Nau mai, haere mai, welcome to eyeCONTACT, a forum built to encourage art reviews and critical discussion about the visual culture of Aotearoa New Zealand. I'm John Hurrell its editor, a New Zealand writer, artist and curator. While Creative New Zealand and other supporters are generously paying me and other contributors to review exhibitions over the following year, all expressed opinions are entirely our own.

Friday, July 25, 2008

Spong sculptures







Sriwhana Spong: Backdrop
Newcall, Auckland
July 22 – August 9, 2008

I’ve always thought the New Zealand art world has been somewhat gullible in its rapid embrace of Sriwhana Spong’s videos, works particularly eclectic in their use of techniques by Lynch and Hitchcock, dropped into a Balinese context and plonked into poorly thought out installations of badly made props (as in her Turbulence ARTSPACE show).

However this artist learns fast, and her Newcall show has no moving image at all but some nicely made wall works and minimal sculptures. There is also a collaborative musical work (based on birds on telephone lines providing a musical score, an old Fluxus idea). Now she seems more in control of what she is doing. Her placement of elements seems more exact.

Most of the exhibition features lacquer in various forms, and is in fact a sort of meditation on it and shellac as substances. Both varnish products were once derived from lac, a resin found in certain beetles, but today the more durable lacquer is a nitrocellulose polymer that is dissolvable in certain solvents, and shellac the insect product once commonly used to make 78 records. Vinyl was invented in 1935, but shellac was used for records till the fifties, with some factories continuing in non-western countries till the seventies.

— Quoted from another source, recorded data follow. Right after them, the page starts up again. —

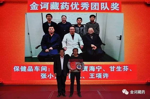 董事长艾措千向俞瑞华副总裁兼财务总监颁特殊贡献奖 本次表彰暨文艺联欢会,青海总部员工们表演了自编自导的文艺晚会,有合唱、独唱、舞蹈、相声、诗朗诵等,中间穿插多轮幸运大抽奖活动。现场气氛欢快热烈,每一个节目都是精心编排,充分展现了金诃藏药浓郁的满足文化氛围,金诃企业文化的魅力,展现了金诃人的活力与创新的精神面貌。文艺联欢会在和谐、温馨、欢乐的气氛中进行,最后由执行总裁牛豫娟带领团队献唱的歌曲串烧为晚会画上了圆满的句号。 (原标题:金诃藏药举行2016年度表彰暨文艺联欢会) 责任编辑:小宇 解读新闻热点、呈现敏感事件、更多独家分析,尽在以下微信公号,扫描二维码免费阅读。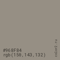 Цвет #968F84 в цветовой модели RGB обозначается тремя октетами (150, 143, 132) в десятичном формате и #968F84 в шестнадцатиричном (hex) формате, которые являются интенсивностью красного 150 (hex 96), интенсивность зелёного 143 (hex 8F) и интенсивность синего 132 (hex 84).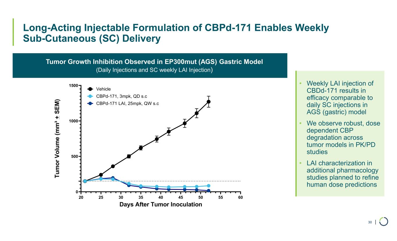 | Long-Acting Injectable Formulation of CBPd-171 Enables Weekly Sub-Cutaneous (SC) Delivery 30 Tumor Growth Inhibition Observed in EP300mut (AGS) Gastric Model (Daily Injections and SC weekly LAI Injection) • Weekly LAI injection of CBDd-171 results in efficacy comparable to daily SC injections in AGS (gastric) model • We observe robust, dose dependent CBP degradation across tumor models in PK/PD studies • LAI characterization in additional pharmacology studies planned to refine human dose predictions 20 25 30 35 40 45 50 55 60 0 500 1000 1500 Days After Tumor Inoculation T u m o r V o lu m e ( m m ³ + S E M ) CBPd-171, 3mpk, QD s.c Vehicle CBPd-171 LAI, 25mpk, QW s.c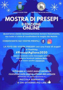 Dopo il successo dell’anno scorso, il comune di Agliano Terme e la Parrocchia di San Giacomo Maggiore presentano la II^ edizione della mostra dei presepi. Gli stessi, preso atto dell’attuale situazione di emergenza sanitaria hanno però deciso di non esporre le opere. ma di raccogliere virtualmente le foto dei presepi realizzati dagli aglianesi e non solo, che si svolgerà attraverso Facebook. Chi intende partecipare può inviare una o più foto del presepe realizzato in qualsiasi materiale, forma e dimensioni all’hastag # PresepiAgliano2020 oppure inviatela come messaggio privato alla pagina facebook Agliano news o sul profilo Instagram. L’invito è mettere un like alle relative foto caricate e a fine mostra, i presepi che otterranno più like otteranno un premio simbolico e a tutti l’attestato di partecipazione. Questa iniziativa si propone quale gesto di fiducia e di augurio, un modo per “gettare” il cuore e lo sguardo oltre ogni ansia, ogni smarrimento, oltre le innumerevoli difficoltà che stiamo vivendo, così che il Natale rechi speranza nelle nostre case. Quest’anno siamo necessariamente lontani fisicamente ma nulla ci vieta di condividere la magia del Natale. Il primo presepe della mostra online è realizzato dai bambini della scuola dell’Infanzia, che hanno usato i pezzi originali delle suore salesiane! Anche se in piena pandemia arriverà il Natale, molti troveranno nella costruzione di un presepe la possibilità di comunicare fede e arte e soprattutto speranza. È questa la nuova iniziativa in grado di garantire a tutti la possibilità di ammirare la bellezza del presepe che ha origini medievali e tutte le foto verranno messe in rete e rappresenteranno una sorta di augurio affinché tutti possano passare un buon Natale ed inziare bene il 2021.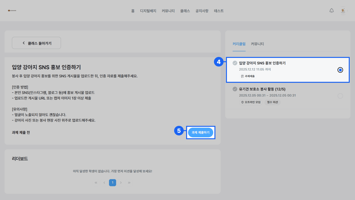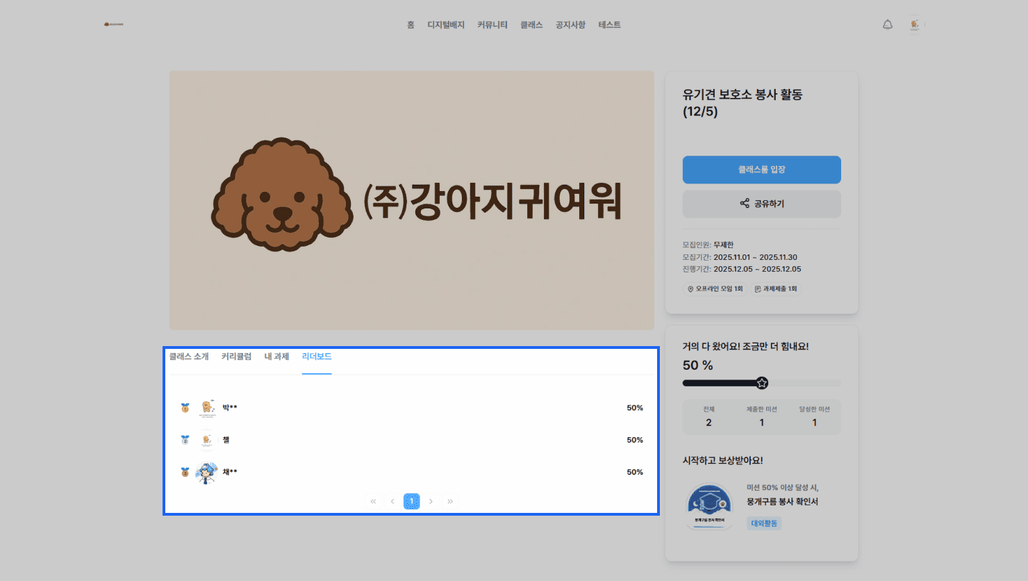 클래스 상세 페이지 상단 탭에서 [리더보드] 메뉴를 클릭합니다.

Some of Spong’s works are wooden panels, stained with dissolved shellac (from records), and sometimes combined with small make-up paintings. Others are rolled up balls (from melted pieces of records) placed in a chalk circle on the floor, but most impressive are two shiny black puddle shapes on the wall. Into these lac fetish objects have been set elements found in her earlier installations and videos: cigarettes, pins, string, cinnamon sticks, silver foil, burnt matches, necklace chains, bobby clips, pencil leads.

Two other works use rows of small tubular glass beads threaded on to nylon in a way similar to her use of strings of cigarettes in previous exhibitions. In one work four highly reflective lines make up a square cross-sectioned vertical column. In another, ‘Symphonic Variations’ (like the image on the invite) a curtainlike arrangement of overlapping parabolas and black beaded lines is suspended from the ceiling to make a ‘musical’ drawing in space.

Nice to see Spong’s various spatial explorations in this show. I enjoyed its understatement. Lots of air.